Institutions: University of Notre Dame.
Zebrafish have become a widely used model organism to investigate the mechanisms that underlie developmental biology and to study human disease pathology due to their considerable degree of genetic conservation with humans. Chemical genetics entails testing the effect that small molecules have on a biological process and is becoming a popular translational research method to identify therapeutic compounds. Zebrafish are specifically appealing to use for chemical genetics because of their ability to produce large clutches of transparent embryos, which are externally fertilized.
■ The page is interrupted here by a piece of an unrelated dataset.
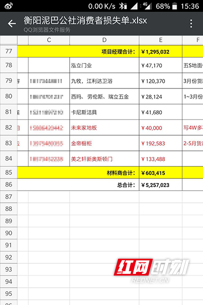 目前,泥巴公社的部分业主、材料供应商、项目经理组成维权群,在这个160余人的群里,相当部分业主交了35%的装修款,但是还没有动工,材料供应商、项目经理都没有拿到货款,施工方没有拿到工钱,据初步统计各方损失共约500余万元。

Furthermore, zebrafish embryos can be easily drug treated by the simple addition of a compound to the embryo media. Using whole-mount in situ hybridization (WISH), mRNA expression can be clearly visualized within zebrafish embryos. Together, using chemical genetics and WISH, the zebrafish becomes a potent whole organism context in which to determine the cellular and physiological effects of small molecules. Innovative advances have been made in technologies that utilize machine-based screening procedures, however for many labs such options are not accessible or remain cost-prohibitive. The protocol described here explains how to execute a manual high-throughput chemical genetic screen that requires basic resources and can be accomplished by a single individual or small team in an efficient period of time. Thus, this protocol provides a feasible strategy that can be implemented by research groups to perform chemical genetics in zebrafish, which can be useful for gaining fundamental insights into developmental processes, disease mechanisms, and to identify novel compounds and signaling pathways that have medically relevant applications.
Developmental Biology, Issue 93, zebrafish, chemical genetics, chemical screen, in vivo small molecule screen, drug discovery, whole mount in situ hybridization (WISH), high-throughput screening (HTS), high-content screening (HCS)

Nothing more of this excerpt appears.